Judith Shinsato has an interesting report in Building Industry Hawaii Online (May 2005) that begins to examine trends in hotel to condominium conversions. While feng shui consciously figures into the design process of some projects she has reported on, the lack of mention of Universal Design is surprising in as sophisticated a tourism market as Hawai'i.

Interestingly, the next piece in her column reports on accessibility retrofitting in private residences.

Doesn't it seem likely that the same needs driving owners to build inter-generational comfort into their private homes will cause buyer to choose universally designed condotels when the industry begins to build them?

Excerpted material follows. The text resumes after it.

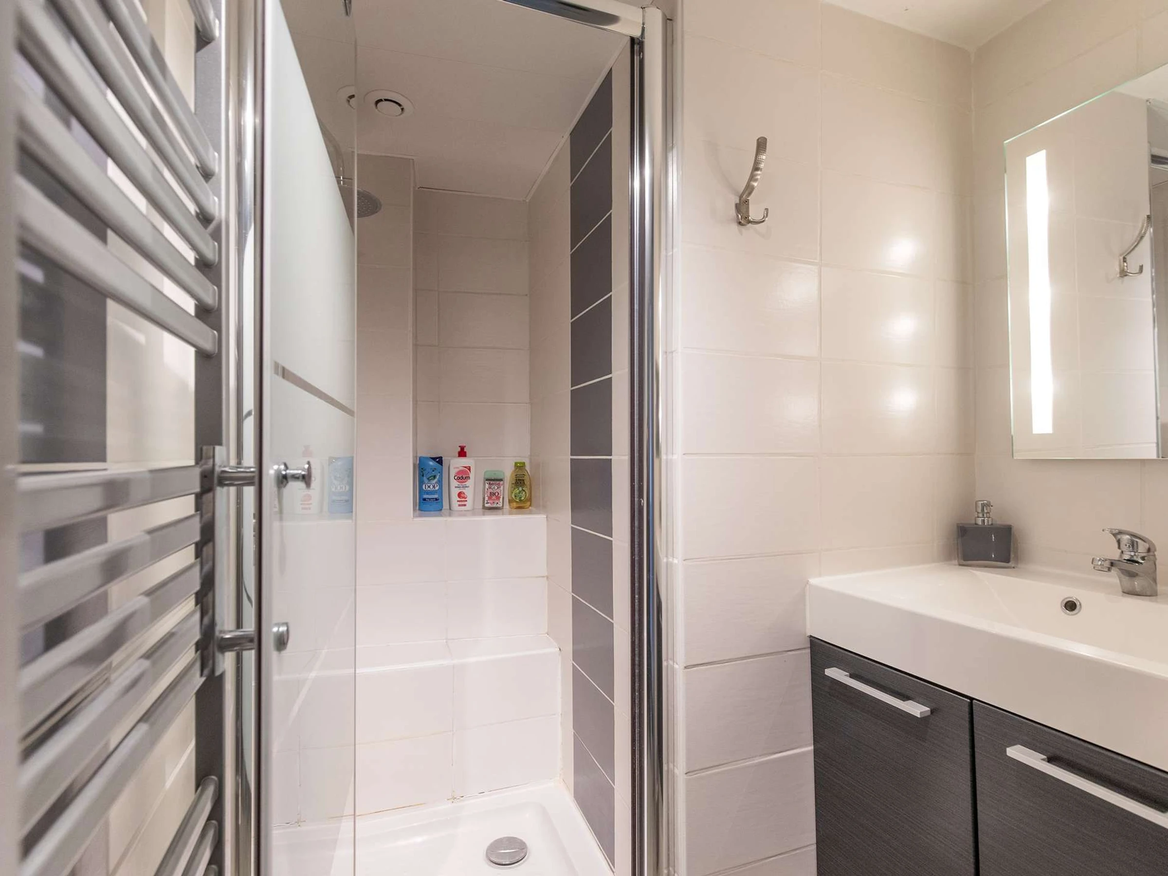 Anschließend gelangen Sie in den Hauptraum der Wohnung. Von dort führt ein Flur zu drei Schlafzimmern. Die ersten beiden Schlafzimmer sind mit Doppelbetten (140 cm) und Stauraum ausgestattet, das dritte mit zwei Etagenbetten und einem Einzelbett. Vom Flur aus erreichen Sie außerdem das Badezimmer mit Dusche und separatem WC.

On condotels from the article:


Colloquially known as the condotel, the hotel to condo conversion is being driven by a strong residential market, low interest rates, a lack of supply in condominium rooms to meet demand, lower grade hotels that are not earning adequate returns and a strong visitor industry that is doing well with both rates and occupancy, says F. Kevin Aucello, vice president and principal at CB Richard Ellis.
“A condotel is simply a hotel where the ownership of the hotel has been condominiumized from one owner to an owner for each of the rooms and common areas of the hotel. Though the ownership is separated, the property is still run as a standard hotel. (By comparison), a timeshare divides the hotel into rooms, which are then divided into intervals, either 50 one-week intervals, 25 two-week intervals, etc. No renovations are necessary, because only the ownership structure is changing; however, in practice, developers often buy the hotel, renovate it and then sell the units for a better price than if they did not renovate.”


Source:
http://64.233.179.104/search?q=cache:BDdxoEyzfD0J:www.buildingindustryhawaii.com/deepfreeze/bi505/055_renovation.asp+condotel+wheelchair&hl=en


Further Reading:

The print version of the August 8, 2005 edition of Travel Age West also covers the phenomenon in the article "Owning a Piece of Heaven." Here the author uses the term "vacation ownership" to include condotels and timeshares. Noticable here also is the lack of reference to industry utilization of Universal Design.